October 3, 2013 6:00 pm
Cuba’s new port offers a small opening to the global economy
By Marc Frank in Havana
Mariel container terminal is part of a larger scheme that will take over
all the facilities at Havana’s ageing port
When Havana hosts its annual international trade jamboree next month,
officials will be sure to tout Cuba’s new container terminal and
free-trade zone – the communist island’s first strategic push to join
the international economy in decades.
Furthermore, although Havana usually treats the trade fair as a chance
to thumb its nose at the US, this year the new port may change the usual
playbook.
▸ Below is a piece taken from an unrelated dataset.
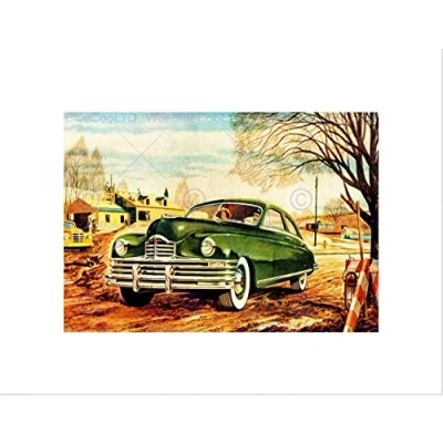 Wee Blue Coo Painting Transport Car Automobile Classic Packard Green Wall Art Print

That is because the ambitious $900m scheme, built at Mariel
port on Cuba’s northern coast and just 120 miles from Florida, seems
predicated on an end to the 53-year-old US embargo.
As there is no sign of that happening soon, despite some signs that Cuba
wants a more pragmatic relationship with the US, analysts say Havana
will instead have to count on friendly governments in the region and
Asia to compensate for this apparent hole in the project’s business
model – at least during its first phases.
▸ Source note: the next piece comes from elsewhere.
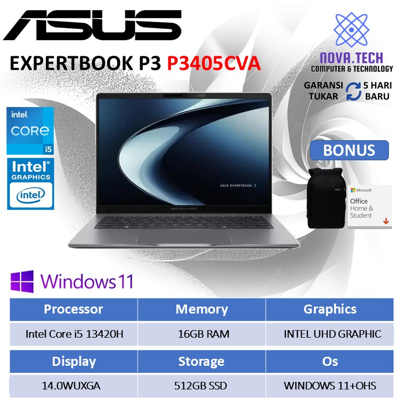 Asus Expertbook P3 P3405CVA Intel Core i5 13420H Ram 16gb 512gb Ssd W11+OHS Garansi Resmi - LY5150WS

“The United States is the obvious market for Mariel’s FTZ exports and
trans-shipments,” said Richard Feinberg, senior fellow at the Brookings
Institution and author of several Cuban studies. “In the meantime,
friendly governments, such as Brazil, Mexico, China, and Singapore, may
incentivise modest investments by their firms.”
The Mariel container terminal, built by Brazilian construction company
Odebrecht, part-financed by Brazilian development loans and operated by
Singapore’s PSA, is part of a larger scheme that will take over all of
the facilities at Havana’s ageing port, and see the Havana Bay
transformed into what could be a spectacular tourism and recreational
But it also reflects broader changes sweeping the Caribbean and American
The widening of the Panama Canal is prompting many regional port
authorities to upgrade facilities in order to accommodate larger
container ships. Mariel’s bay has been dredged to accommodate ships with
twice the draft of the Havana port, while Mariel’s port itself, 28 miles
from the capital, will have 700m of berth and capacity of up to 1m
containers, three times Havana’s.
“Bigger ships will need to make more use of transshipment to fill them,
and so we see a growth in transshipment activity in Panama and in the
Caribbean basin,” said Neil Davidson, senior analyst of ports and
terminals at London-based Drewry. “Cuba is well located to take part in
this, but to do so needs a deeper port.”
Despite the embargo, most experts agree the first phase of the plan is a
good one, with two provisos. First, transshipment is a price-sensitive
business, and Cuba’s Mariel will have to compete with efficient existing
hubs, such as those in Panama and Kingston, Jamaica. A further
complication is that the embargo forbids ships entering US waters if
they have berthed in Cuba over the past six months. (One exception is US
food imports to Cuba, exempt from the embargo under a 2000 amendment.)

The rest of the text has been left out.